Als u bijna dezelfde kleur hebt, brengt u een dunne laag ongekatalyseerde gelcoat aan op het bestaande oppervlak en laat u het drogen. “De kleur van de gelcoat zal iets veranderen als de oplosmiddelen verdampen; het wordt meestal iets donkerder,” zegt Siegel. Een zonnige dag zorgt ervoor dat dit sneller gaat, en de ongekatalyseerde gelcoat zal worden afgeveegd met oplosmiddel. Zodra je een match hebt, katalyseer je de gelcoat en breng je het aan op de reparatie. Professionals spuiten het erop, maar doe-het-zelvers kwasten het meestal; er zijn kwastbare gelcoats op de markt die direct uit het blik kunnen worden gebruikt, zonder verdunners of toevoegingen. Bij beide methodes moet je veel nat schuren en polijsten om die nieuwe bootglans te krijgen.

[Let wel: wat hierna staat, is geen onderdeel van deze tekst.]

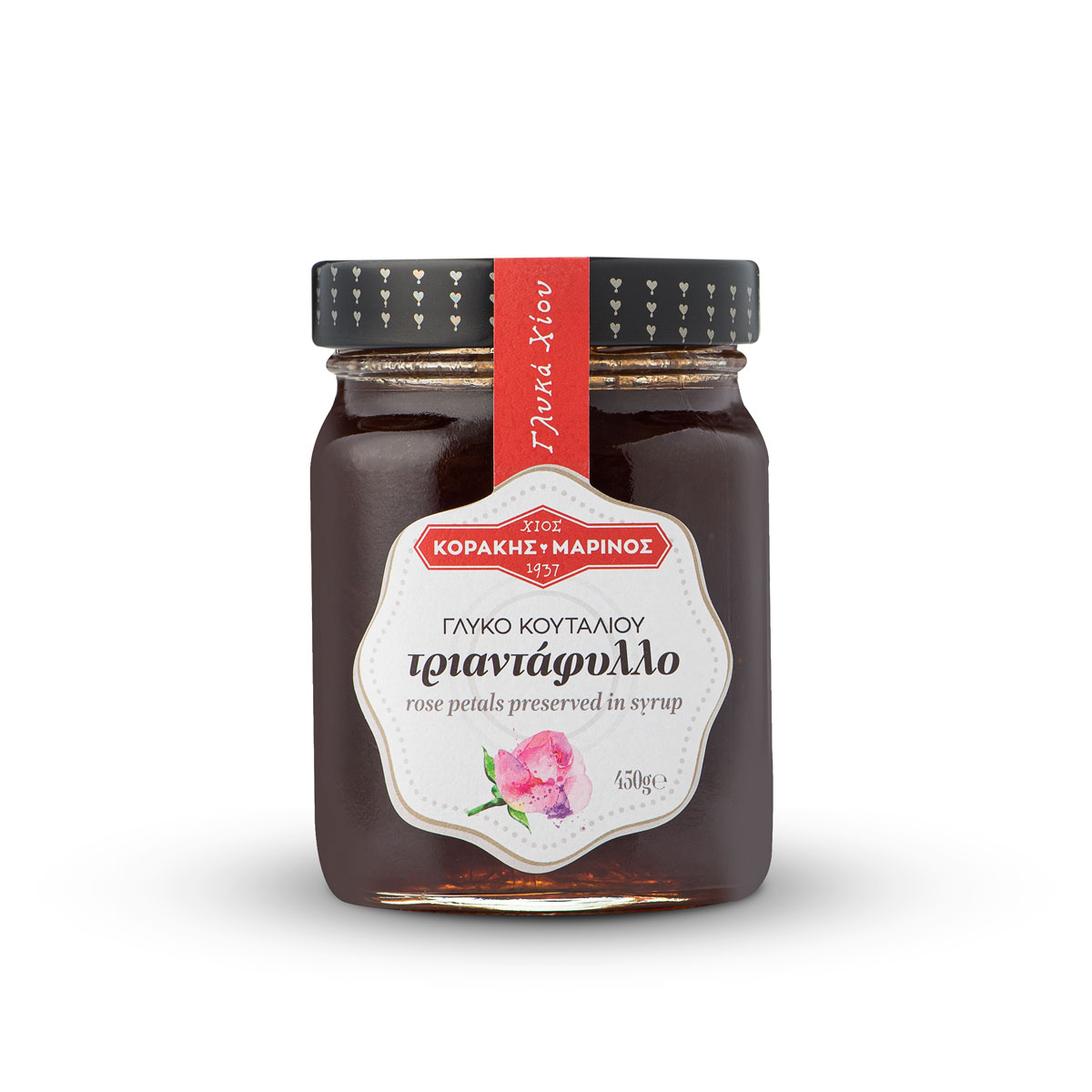 Παραδοσιακό, Χιώτικο, με υπέροχο άρωμα και γεύση, γλυκό κουταλιού από τα ροδοπέταλα εκατόφυλλης τριανταφυλλιάς.

Man, is dit spul ingewikkeld of niet? Is er geen eenvoudiger manier, behalve helemaal niets doen? Siegel concludeert: “Er zijn altijd eenvoudige oplossingen, maar die brengen meestal kosten met zich mee. Hoe lang zal de reparatie duren? Eén dag of twintig jaar? Het hangt er allemaal vanaf. De beste manier is om te slijpen en opnieuw te beginnen.”
Als het verwijderen van oud, beschadigd materiaal en het vervangen door nieuw de enige manier is om ervoor te zorgen dat u dezelfde plek niet twee keer hoeft te repareren, is het misschien beter om een professional in te schakelen en slechts één keer te betalen.